Using static data in ASP.NET vs. database calls?

We are developing an ASP.NET HR Application that will make thousands of calls per user session to relatively static database tables (e.g. tax rates). The user cannot change this information, and changes made at the corporate office will happen ~once per day at most (and do not need to be immediately refreshed in the application).
About 2/3 of all database calls are to these static tables, so I am considering just moving them into a set of static objects that are loaded during application initialization and then refreshed every 24 hours (if the app has not restarted during that time). Total in-memory size would be about 5MB.
Am I making a mistake? What are the pitfalls to this approach?
From the info you present, it looks like you definitely should cache this data -- rarely changing and so often accessed. "Static" objects may be inappropriate, though: why not just access the DB whenever the cached data is, say, more than N hours old?
You can vary N at will, even if you don't need special freshness -- even hitting the DB 4 times or so per day will be much better than "thousands [of times] per user session"!

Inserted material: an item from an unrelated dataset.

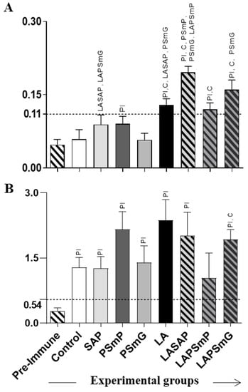 Thirty days after the last inoculum, the PSmP, LA, LASAP, LAPSmP, and LAPSmG groups exhibited higher levels of total anti-Leishmania IgG antibodies in relation to PI (p < 0.05; p < 0.001; p < 0.0001; p < 0.01; p < 0.001, respectively—Figure 2A). The LA, LASAP, LAPSmP, and LAPSmG groups showed increased total anti-Leishmania IgG production, as compared with C (p < 0.05; p < 0.0001; p < 0.05; p < 0.01, respectively—Figure 2A). LASAP and LAPSmG displayed high IgG levels as compared to SAP group (p < 0,.01; p < 0.05, respectively—Figure 2A). Furthermore, LASAP produced higher IgG levels as compared to the LAPSmP (p < 0.01) and LA groups (p < 0.01) (Figure 2A). The LAPSmG group showed an increased in IgG production relative to the PSmG group (p < 0.01). After the experimental challenge (Figure 2B), the C, SAP, PSmP, PSmG, LA, LASAP, and LAPSmG groups presented higher total IgG levels as compared with PI (p < 0.01; p < 0.05; p < 0.01; p < 0.05; p < 0.01; p < 0.05; p < 0.001, respectively). Moreover, the LAPSmG group showed an increase in IgG levels as compared to the control group (p < 0.05).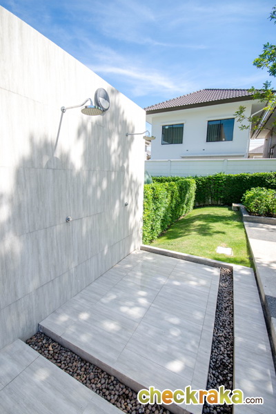 ลานซักล้างหลังบ้าน ในส่วนของบ้านตัวอย่างจะลงต้นไม้ จัดสวนไว้ให้ ส่วนบ้านเปล่าจะเป็นคอนกรีตเสริมเหล็ก

Best may be to keep with the DB info a timestamp or datetime remembering when it was last updated. This way, the check for "is my cache still fresh" is typically very light weight, just get that "latest update" info and check it with the latest update on which you rebuilt the local cache. Kind of like an HTTP "if modified since" caching strategy, except you'd be implementing most of it DB-client-side;-).
If you decide to cache the data (vs. make a database call each time), use the ASP.NET Cache instead of statics. The ASP.NET Cache provides functionality for expiry, handles multiple concurrent requests, it can even invalidate the cache automatically using the query notification features of SQL 2005+.
If you use statics, you'll probably end up implementing those things anyway.
There are no drawbacks to using the ASP.NET Cache for this. In fact, it's designed for caching data too (see the SqlCacheDependency class http://msdn.microsoft.com/en-us/library/system.web.caching.sqlcachedependency.aspx).
With caching, a dbms is plenty efficient with static data anyway, especially only 5M of it.
True, but the point here is to avoid the database roundtrip at all.
ASP.NET Cache is the right tool for this job.
You didnt state how you will be able to find the matching data for a user. If it is as simple as finding a foreign key in the cached set then you dont have to worry.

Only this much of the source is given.